For the seventh year in a row, Tjolöholm Castle, a country house built towards the end of the 1800s in Halland, Sweden, hosts its skördefest (harvest festival). Cheryl Marie Cordeiro, with Maria Förssell Six, the person behind Tjolöholm Castle Harvest Festival 2014.
Text & Photo © JE Nilsson and CM Cordeiro, Sweden 2014
This year marked the seventh consecutive open harvest festival held at Tjolöholm Castle, along the coast just south of Gothenburg.
Tjolöholm was the last private mansion to be built in Sweden large enough to be denominated a castle. The area around the main house that has been tilled and farmed from medieval times, continues to remain prosperous as farmland today.
The castle was built by the wealthy timber merchant James Dickson who did not live to see it completed. Instead the widow, Blanche Dickson, together with the architect Lars Israel Wahlman, brought the extensive building to its completeness while applying remarkable foresight, both social and technological.
In the main building, from standing showers to concealed heating, the installed gadgetry for house cleaning and personal hygiene still stuns modern day visitors.
In the surrounding lands, what they built was a forward looking miniature model of society where people took care of one another. There is a substantial barnyard, with equipment halls, stables, workshops, and farther on, an idyllic workers village with a private church.
Somehow this forward looking social awareness is still alive and reflected in events like the Tjolöholm Harvest Festival organized by Maria Förssell Six.
The event has been gaining popularity over the years since its launch. One of the reasons are the fit to Sweden’s growing interest in sustainability, reflected in an interest in ecologically conscious farming methods, and the support of local produce.

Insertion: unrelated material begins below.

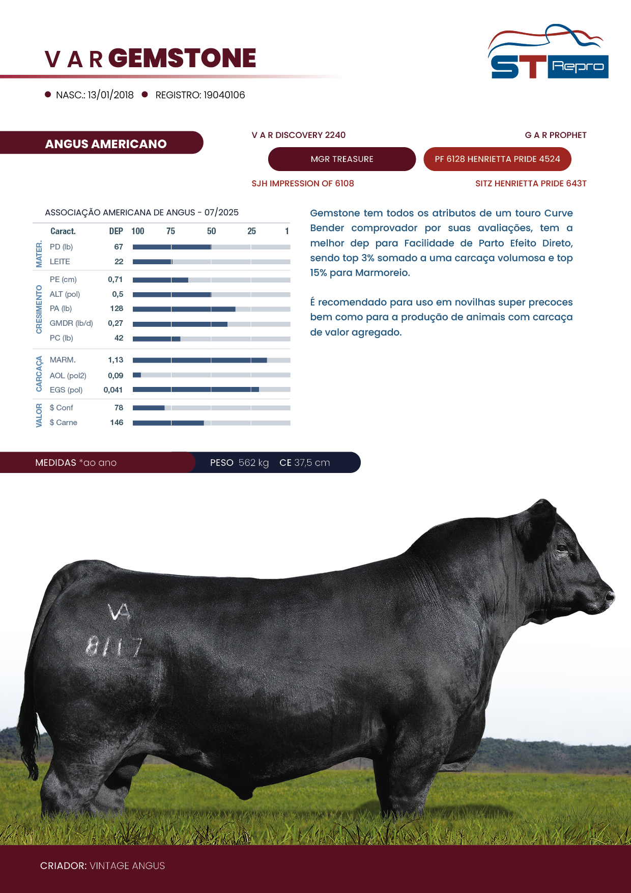Gemstone tem todos os atributos de um touro "Curve Bender" comprovador por suas avaliações, tem a melhor dep para Facilidade de Parto Efeito Direto, sendo top 3% somado a uma carcaça volumosa e top 15% para "Marmoreio".

In this respect the harvest festival bridges old and new knowledge by demonstrations of various sorts, old-style threshing of oats for example, or teaching children the value of rearing calfs, pigs, sheep and chickens in a humane way that go beyond green food labelling.
It is also a lifestyle philosophy that continues to educate in practice for persons such as myself. For one thing, I had no idea that Brussels sprouts sprouted on stalks. At a market stall, as a little girl looked with absolute boredom borne out of familiarity, upwards at the stalk her mother was considering purchasing, I looked on too, realising for the first time – they grew on stalks?
A fundamental knowledge of nature, its cycles and its offerings will be an increasingly important foundation as humans need to learn how to manage and share the world’s resources.
There might be no agreement on what sustainability means, but what is felt and seen at this festival is that once upon a time it was well understood that we cannot eat more than we can grow. And there was a place for all who worked on the castle grounds.
In a recent seminar I attended, the Swedish lack of interest in religion was apologetically touched upon, that prior to Christianity, Sweden “was of some other belief”.
I couldn’t help but reflect upon the Tjolöholm Castle Harvest Festival with its offerings of deliciously lush and rounded fruits and vegetables, or still earlier in the year, dancing around the equally luscious Midsummer Pole. A dressed and ribboned phallic symbol, firmly plunked into the ground as a visual reminder that the earth is a living thing that needs to be taken care of, and if properly done so, it will take care of us.
Dancing through the long nights, under the warm summer’s sun and celebrating the availability of soft gardens to spend the night, it was difficult to see why anyone would need to be apologetic for celebrating just that.
The grounds of Tjolöholm Castle.
Carved barbecue wood sticks.
There’s been an increase in trend to have your own chickens in your own backyard if you can afford time and space for them, if only for the fun myriad of natural coloured eggs to be had.
Traditional oat threshing.
Oats in a gunny sack, threshed and bagged using machines from the early 1900s.
Cheryl Marie Cordeiro and Verksamhetsansvarig Maria Förssell Six.
In the main barnyard, the market hall, where farmers and food producers had their stalls lined in rows for the season’s harvest offerings.
Pretty gorgeous Brussels sprouts.
A range of Ferguson tractors.
The happiest kid!
The biggest kid.
Pumpkin season!
Celeriac. Edible raw or cooked (roasted, boiled, stewed etc.), this versatile root can be used in soups, casseroles and other savoury dishes. In Sweden, it’s one of the roots that go into a rich autumn soup made of mostly root vegetables.